TASK STATEMENT »
Look below for the line that has "名車平名物【鴨鍋】、季節ごと"; output exactly from it through the line that has "Mueble Bar de", and leave the pictures out.

MATERIAL PROVIDED »
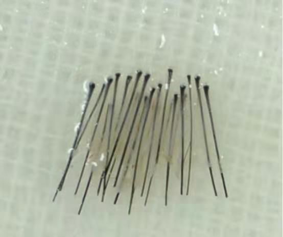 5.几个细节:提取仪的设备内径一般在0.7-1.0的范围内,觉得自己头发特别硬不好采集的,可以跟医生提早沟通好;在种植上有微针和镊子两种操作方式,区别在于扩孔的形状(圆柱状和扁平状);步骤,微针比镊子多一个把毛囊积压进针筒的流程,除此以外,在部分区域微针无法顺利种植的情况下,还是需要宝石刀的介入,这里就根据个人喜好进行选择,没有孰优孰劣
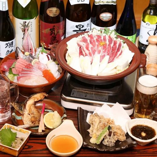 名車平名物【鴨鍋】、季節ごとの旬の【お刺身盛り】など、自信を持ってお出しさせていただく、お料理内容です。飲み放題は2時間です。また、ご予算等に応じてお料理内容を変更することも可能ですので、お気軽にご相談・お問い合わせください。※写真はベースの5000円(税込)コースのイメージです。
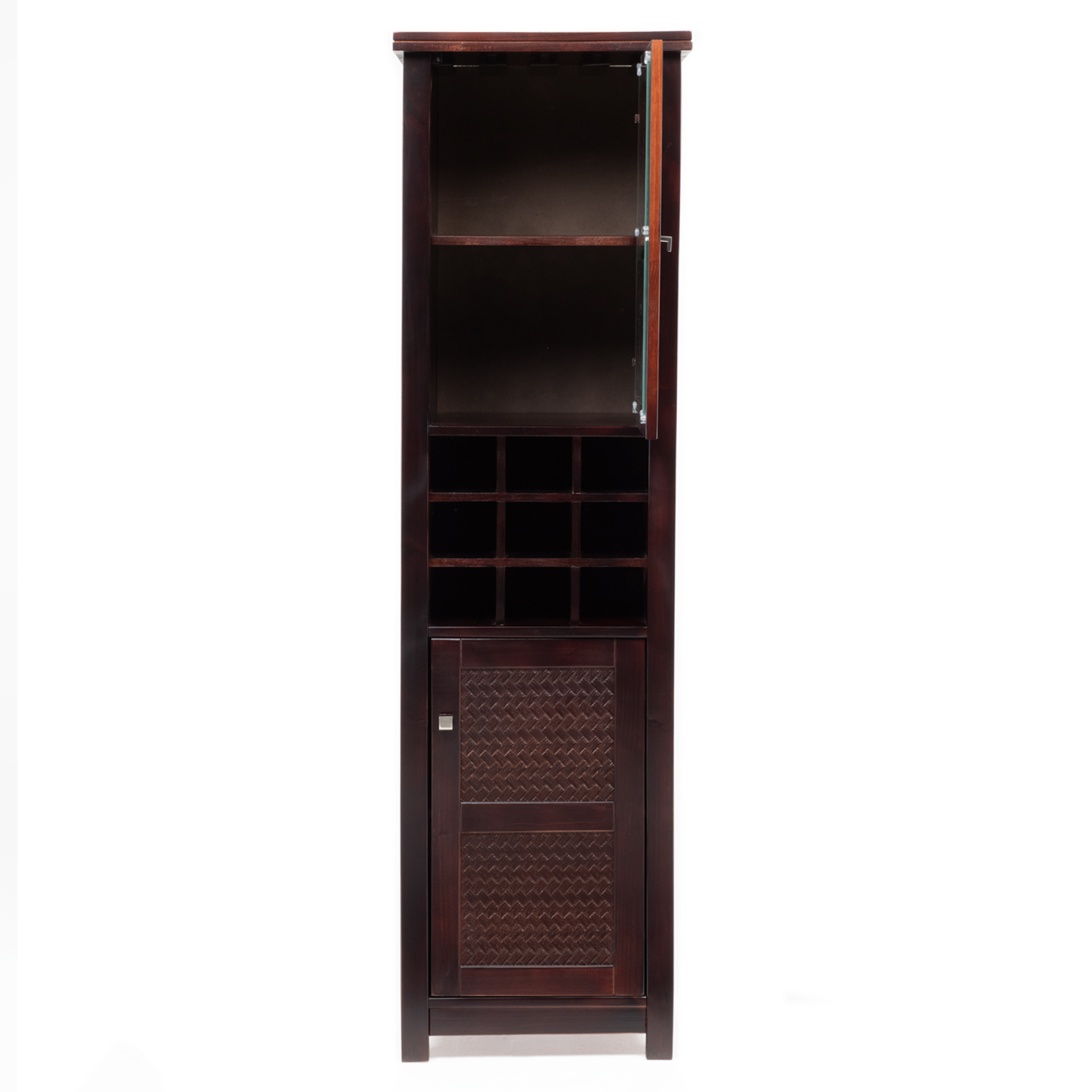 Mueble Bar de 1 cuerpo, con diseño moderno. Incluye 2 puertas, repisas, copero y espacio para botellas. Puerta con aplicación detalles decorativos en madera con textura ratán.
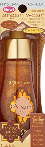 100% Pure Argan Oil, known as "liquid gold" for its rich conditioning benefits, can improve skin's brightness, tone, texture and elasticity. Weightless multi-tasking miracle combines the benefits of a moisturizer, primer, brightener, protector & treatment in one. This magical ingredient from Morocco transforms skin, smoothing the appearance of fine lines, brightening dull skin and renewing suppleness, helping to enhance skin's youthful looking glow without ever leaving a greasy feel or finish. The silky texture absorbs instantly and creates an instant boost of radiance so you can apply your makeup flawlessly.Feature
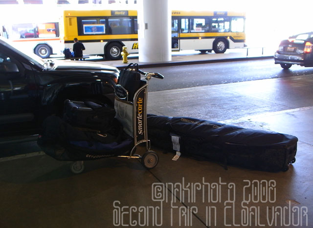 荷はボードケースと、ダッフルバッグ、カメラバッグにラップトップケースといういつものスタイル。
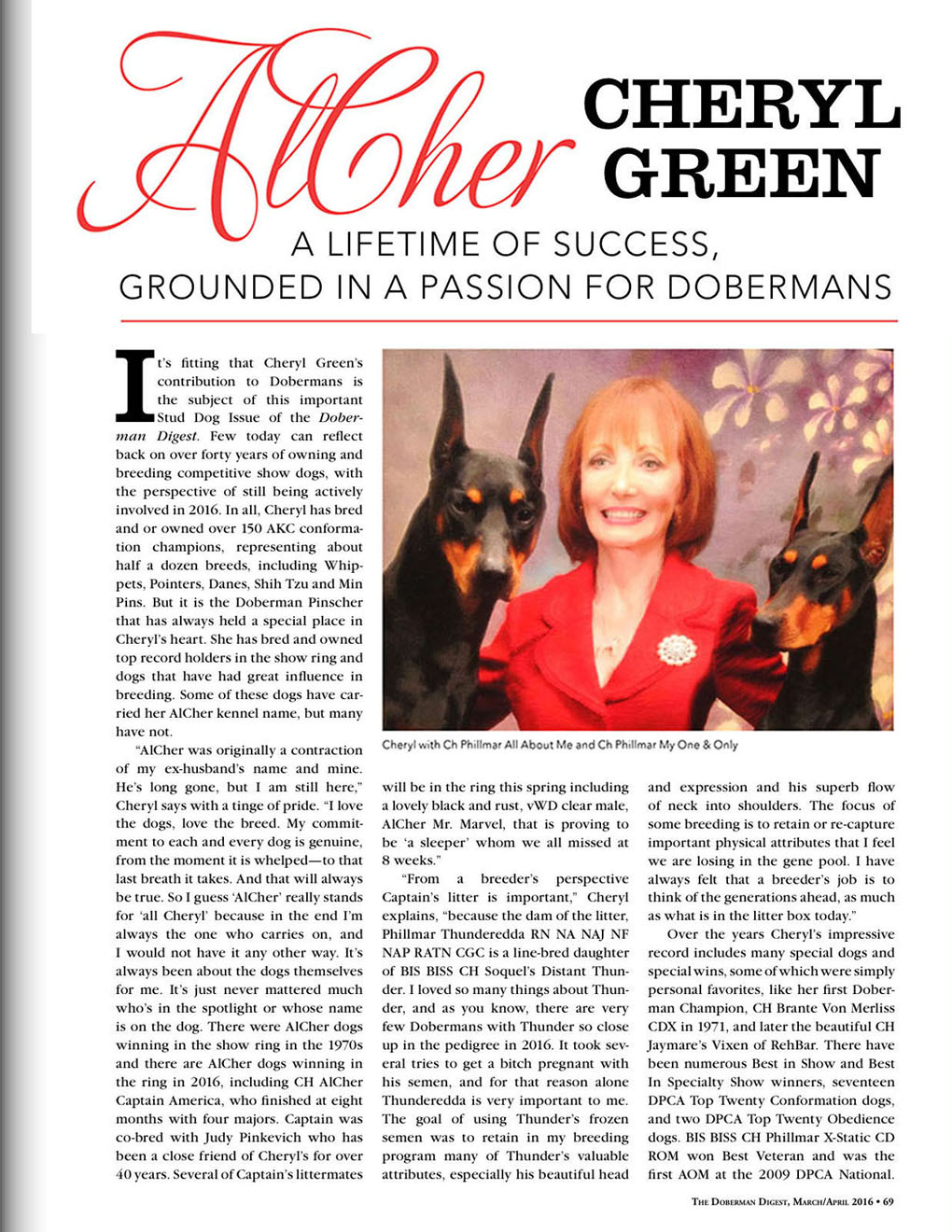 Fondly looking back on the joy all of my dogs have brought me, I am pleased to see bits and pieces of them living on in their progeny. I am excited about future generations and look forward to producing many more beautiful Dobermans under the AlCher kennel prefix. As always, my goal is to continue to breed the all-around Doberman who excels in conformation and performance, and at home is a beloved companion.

RESPONSE AREA »
 名車平名物【鴨鍋】、季節ごとの旬の【お刺身盛り】など、自信を持ってお出しさせていただく、お料理内容です。飲み放題は2時間です。また、ご予算等に応じてお料理内容を変更することも可能ですので、お気軽にご相談・お問い合わせください。※写真はベースの5000円(税込)コースのイメージです。
 Mueble Bar de 1 cuerpo, con diseño moderno. Incluye 2 puertas, repisas, copero y espacio para botellas. Puerta con aplicación detalles decorativos en madera con textura ratán.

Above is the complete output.